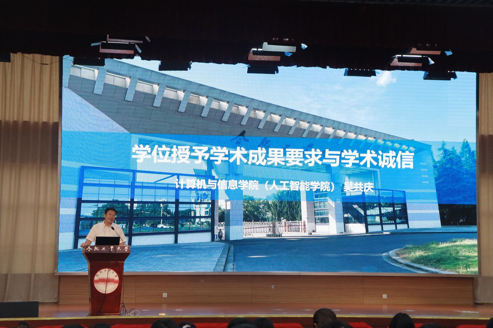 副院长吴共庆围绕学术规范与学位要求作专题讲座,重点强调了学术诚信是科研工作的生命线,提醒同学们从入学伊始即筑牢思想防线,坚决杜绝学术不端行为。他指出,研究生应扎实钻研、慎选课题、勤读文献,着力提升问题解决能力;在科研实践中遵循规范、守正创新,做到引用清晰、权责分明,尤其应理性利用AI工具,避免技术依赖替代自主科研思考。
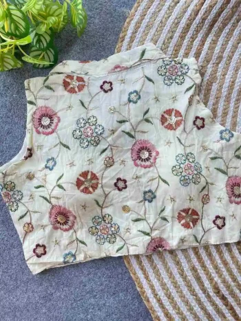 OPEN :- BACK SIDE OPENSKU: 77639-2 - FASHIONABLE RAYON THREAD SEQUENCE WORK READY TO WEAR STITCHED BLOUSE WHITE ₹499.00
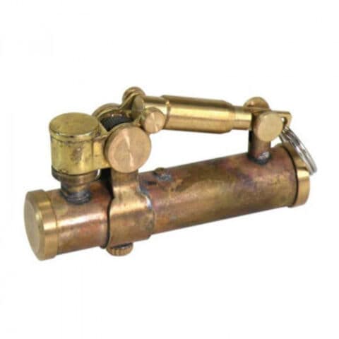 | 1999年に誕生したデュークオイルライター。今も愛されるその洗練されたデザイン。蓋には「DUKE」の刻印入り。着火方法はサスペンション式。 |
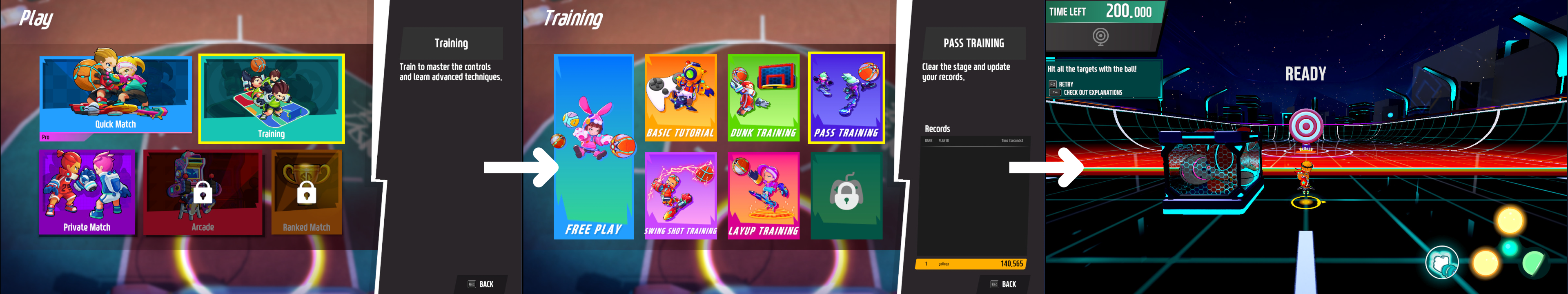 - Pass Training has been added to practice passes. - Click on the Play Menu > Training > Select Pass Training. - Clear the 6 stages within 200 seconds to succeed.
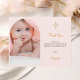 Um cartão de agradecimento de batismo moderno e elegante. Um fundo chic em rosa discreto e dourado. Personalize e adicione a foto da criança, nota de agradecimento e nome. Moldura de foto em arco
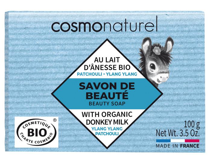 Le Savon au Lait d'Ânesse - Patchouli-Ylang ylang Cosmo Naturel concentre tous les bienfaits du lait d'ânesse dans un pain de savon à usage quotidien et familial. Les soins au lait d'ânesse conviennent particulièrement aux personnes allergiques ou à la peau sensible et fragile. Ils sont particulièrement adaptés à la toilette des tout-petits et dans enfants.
--
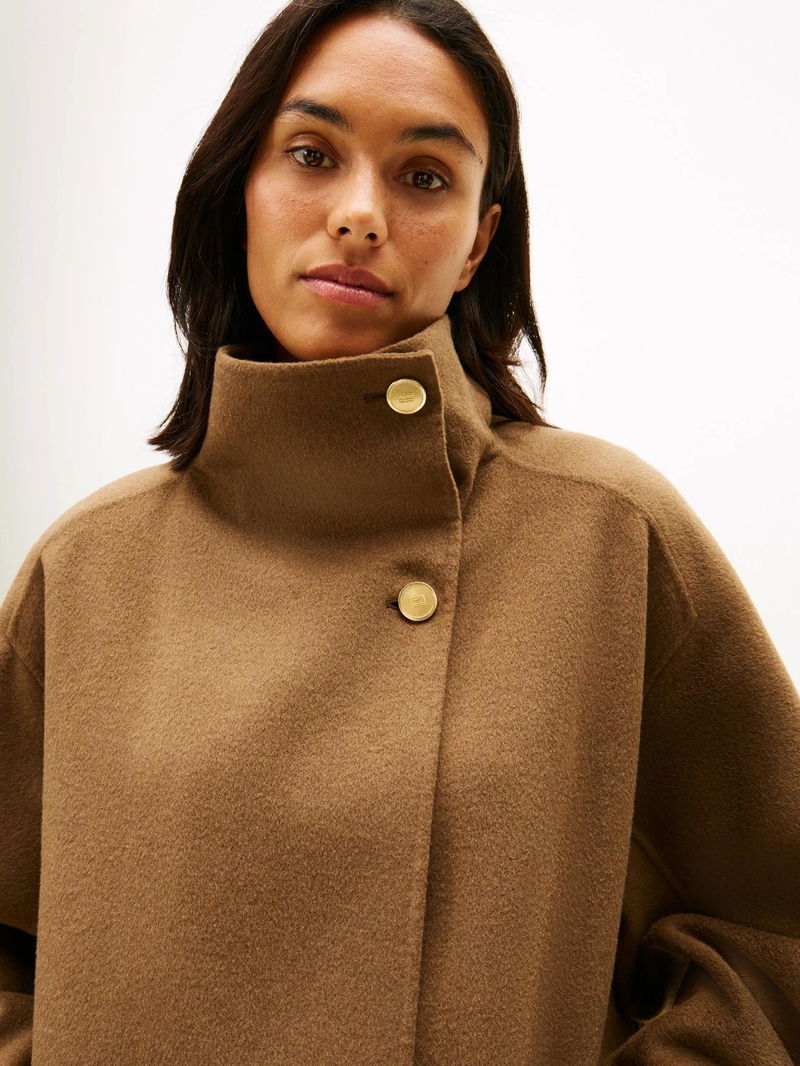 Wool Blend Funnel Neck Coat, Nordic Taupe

Prompt :: In the data above, the stretch from the line with "Um cartão de" through the line with "Le Savon au" is to be returned exactly, minus any pictures.

Task response ::
 Um cartão de agradecimento de batismo moderno e elegante. Um fundo chic em rosa discreto e dourado. Personalize e adicione a foto da criança, nota de agradecimento e nome. Moldura de foto em arco
 Le Savon au Lait d'Ânesse - Patchouli-Ylang ylang Cosmo Naturel concentre tous les bienfaits du lait d'ânesse dans un pain de savon à usage quotidien et familial. Les soins au lait d'ânesse conviennent particulièrement aux personnes allergiques ou à la peau sensible et fragile. Ils sont particulièrement adaptés à la toilette des tout-petits et dans enfants.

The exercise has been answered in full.